:: Records to process ::
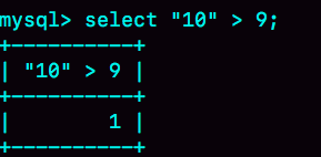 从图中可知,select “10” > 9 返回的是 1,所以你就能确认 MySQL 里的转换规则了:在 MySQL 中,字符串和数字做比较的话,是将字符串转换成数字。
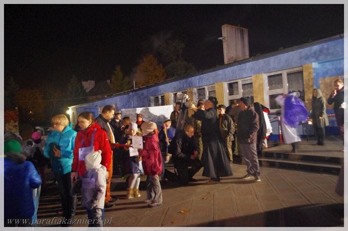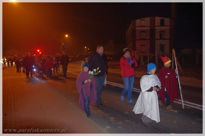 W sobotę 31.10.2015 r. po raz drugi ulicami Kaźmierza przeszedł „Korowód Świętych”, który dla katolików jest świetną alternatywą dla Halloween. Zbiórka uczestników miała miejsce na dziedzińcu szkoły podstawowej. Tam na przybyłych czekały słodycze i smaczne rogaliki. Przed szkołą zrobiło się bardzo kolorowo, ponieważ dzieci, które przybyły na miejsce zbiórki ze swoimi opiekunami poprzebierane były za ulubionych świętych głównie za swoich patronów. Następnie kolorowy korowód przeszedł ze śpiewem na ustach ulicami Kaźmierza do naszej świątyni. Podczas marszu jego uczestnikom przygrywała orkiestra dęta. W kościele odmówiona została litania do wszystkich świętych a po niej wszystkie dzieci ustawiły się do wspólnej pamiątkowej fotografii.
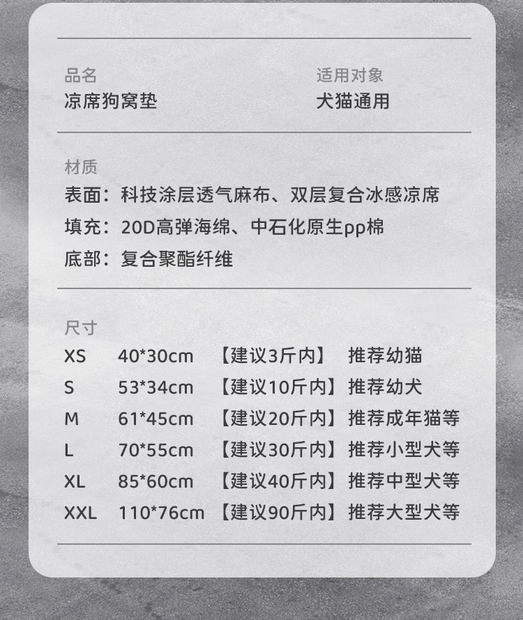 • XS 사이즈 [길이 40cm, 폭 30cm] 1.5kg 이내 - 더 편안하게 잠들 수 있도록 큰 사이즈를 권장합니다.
:::
:: Records to process ::
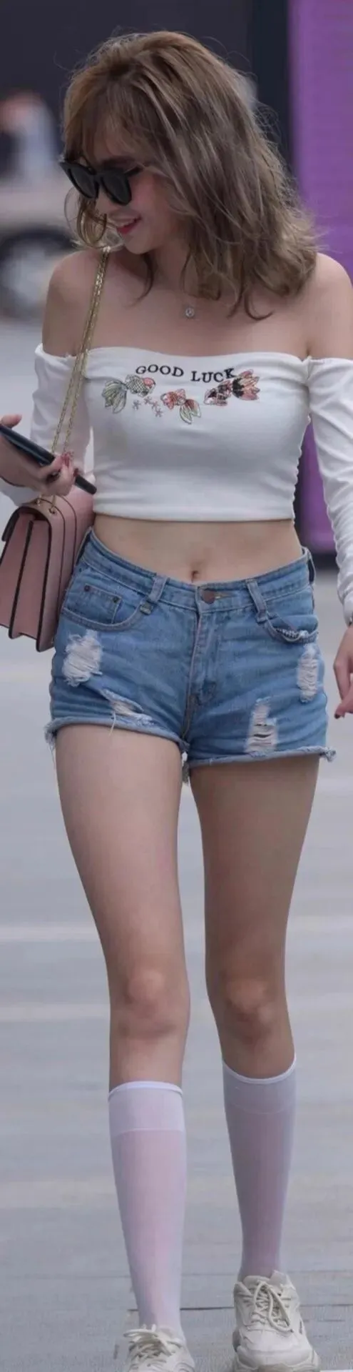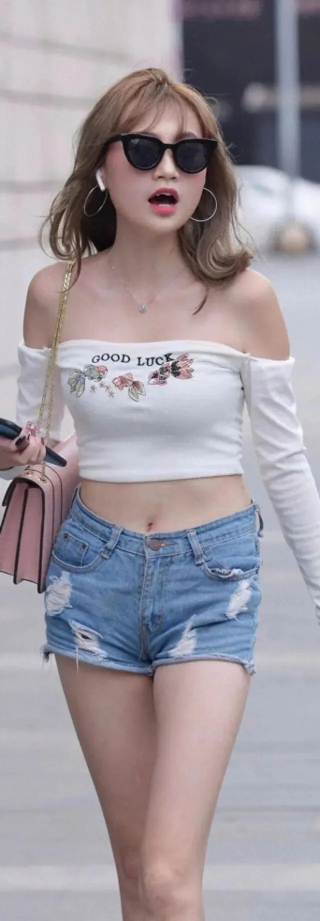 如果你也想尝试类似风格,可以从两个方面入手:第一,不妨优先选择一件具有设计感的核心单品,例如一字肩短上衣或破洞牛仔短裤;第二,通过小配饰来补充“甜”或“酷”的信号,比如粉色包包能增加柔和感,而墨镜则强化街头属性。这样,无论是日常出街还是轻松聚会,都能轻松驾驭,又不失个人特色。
:::
# [What the exercise asks]
For the entries above, print exactly the lines between the one with "里的转换规则了:在 MySQL 中,字符串和数字做比较的话,是将字符串转换成数字。" and the one with "큰 사이즈를 권장합니다.", inclusive, with no pictures.

# [Response to the exercise]
 从图中可知,select “10” > 9 返回的是 1,所以你就能确认 MySQL 里的转换规则了:在 MySQL 中,字符串和数字做比较的话,是将字符串转换成数字。
 W sobotę 31.10.2015 r. po raz drugi ulicami Kaźmierza przeszedł „Korowód Świętych”, który dla katolików jest świetną alternatywą dla Halloween. Zbiórka uczestników miała miejsce na dziedzińcu szkoły podstawowej. Tam na przybyłych czekały słodycze i smaczne rogaliki. Przed szkołą zrobiło się bardzo kolorowo, ponieważ dzieci, które przybyły na miejsce zbiórki ze swoimi opiekunami poprzebierane były za ulubionych świętych głównie za swoich patronów. Następnie kolorowy korowód przeszedł ze śpiewem na ustach ulicami Kaźmierza do naszej świątyni. Podczas marszu jego uczestnikom przygrywała orkiestra dęta. W kościele odmówiona została litania do wszystkich świętych a po niej wszystkie dzieci ustawiły się do wspólnej pamiątkowej fotografii.
 • XS 사이즈 [길이 40cm, 폭 30cm] 1.5kg 이내 - 더 편안하게 잠들 수 있도록 큰 사이즈를 권장합니다.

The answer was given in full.